В нашем исследовании было обнаружено, что SNP гена PTX3 связаны с риском ИИ (rs62278647 и rs2316710). Риск ИИ в целом коррелировал с преобладанием гетерозиготных генотипов у наших пациентов. Аналогичная направленность ассоциации была продемонстрирована в исследовании E. el Melegy и соавт. [30], которые изучали ассоциацию SNP rs2305619 с ОИМ. SNP rs2305619 находился в сильном неравновесии по сцеплению (LD; r2=0,97) с нашим SNP rs2316710 в тестовой популяции CEU из проекта 1000 Genomes [9]. При этом каких-либо корреляций PTX3 с функциональным восстановлением при остром инсульте обнаружено не было. Мы предполагаем, что отсутствие корреляции между полиморфизмами PTX3 и исходом ИИ связано с тем, что сам уровень PTX3 не является причинным фактором для исхода ИИ. Полученные в ходе исследования данные о различиях генотипических ассоциаций с риском ИИ между пациентами мужского и женского полов усложняют вопрос, предполагая возможность половой специфичности функции PTX3, в том числе ее корреляцию с более высокой частотой ИИ у женщин.
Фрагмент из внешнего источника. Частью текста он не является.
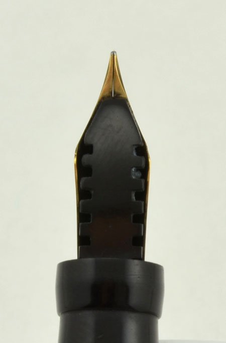 Nib | Marked Wahl Tempoint 2 14k. Nice fine point, with good tipping material visible. Very flexible, just short of a wet noodle. Really fun to write with. |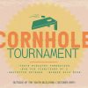 The design features a retro-style cornhole board graphic with bold orange and green text against a soft yellow burst and beige background, perfect for a church event announcement. It’s ideal for promoting youth ministry fundraisers, community game nights, or social engagement posts. Utilizing church media like this helps boost participation and fosters a fun, welcoming atmosphere for your congregation.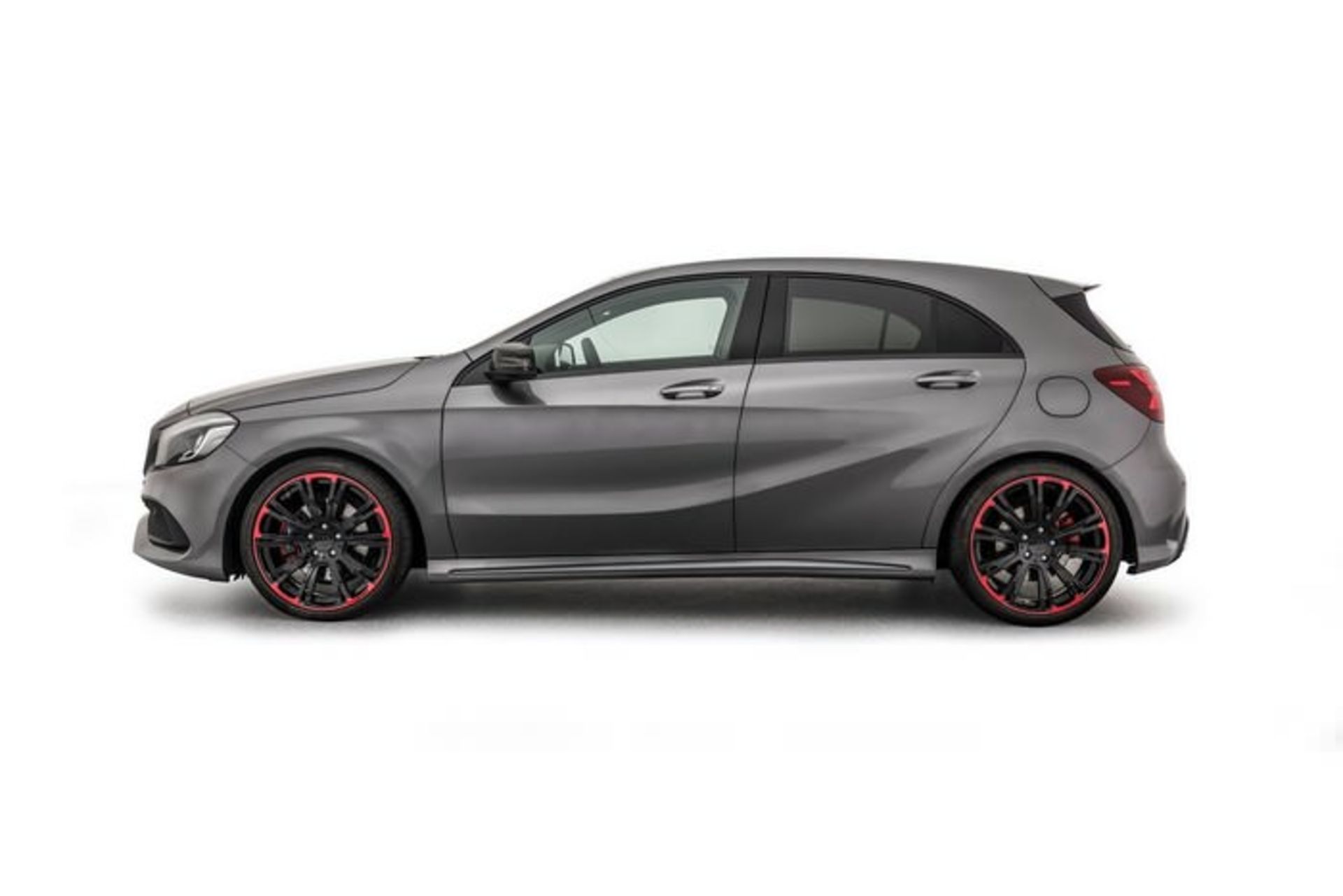 خودرویی که در تصاویر مشاهده میکنید، مدل پرچمدار A کلاس است که با نام AMG A45 4Matic شناخته میشود. این مدل به رینگهای ۱۹ اینچی یکتکه (مونوبلاک) برابوس به رنگ مشکی و قرمز، دیفیوزر ویژهی عقب و سیستم اگزوز اسپرت برابوس مجهز شده است.

Однако это предположение требует подтверждения в дальнейших исследованиях.
Заключение
Подводя итоги работы, можно сделать вывод, что разработанный нами подход к поиску генетических маркеров исхода ИИ, основанный на определении потенциальных генов-кандидатов, являющихся человеческими ортологами генов крыс, продемонстрировавших наиболее значимые изменения экспрессии в мозге в ответ на окклюзию височной артерии, в том числе функционально важных SNP, оказался эффективным. Был выявлен ряд новых ассоциаций с риском развития и динамикой функционального восстановления острого инсульта. В то же время исследование имело некоторые ограничения. Во-первых, относительно небольшой размер выборки, который мог снизить статистическую мощность исследования. Во-вторых, так как анализ был ограничен локальными eQTL, потенциальные ассоциации удаленных SNP (транс-eQTL) с инсультом и постинсультными событиями не учитывались. Принятие во внимание этих факторов повысит возможности и силу нашего подхода.
Работа выполнена при финансовой поддержке РФФИ (Российский фонд фундаментальных исследований) в рамках научного проекта №19-04-00397.
Авторы заявляют об отсутствии конфликта интересов.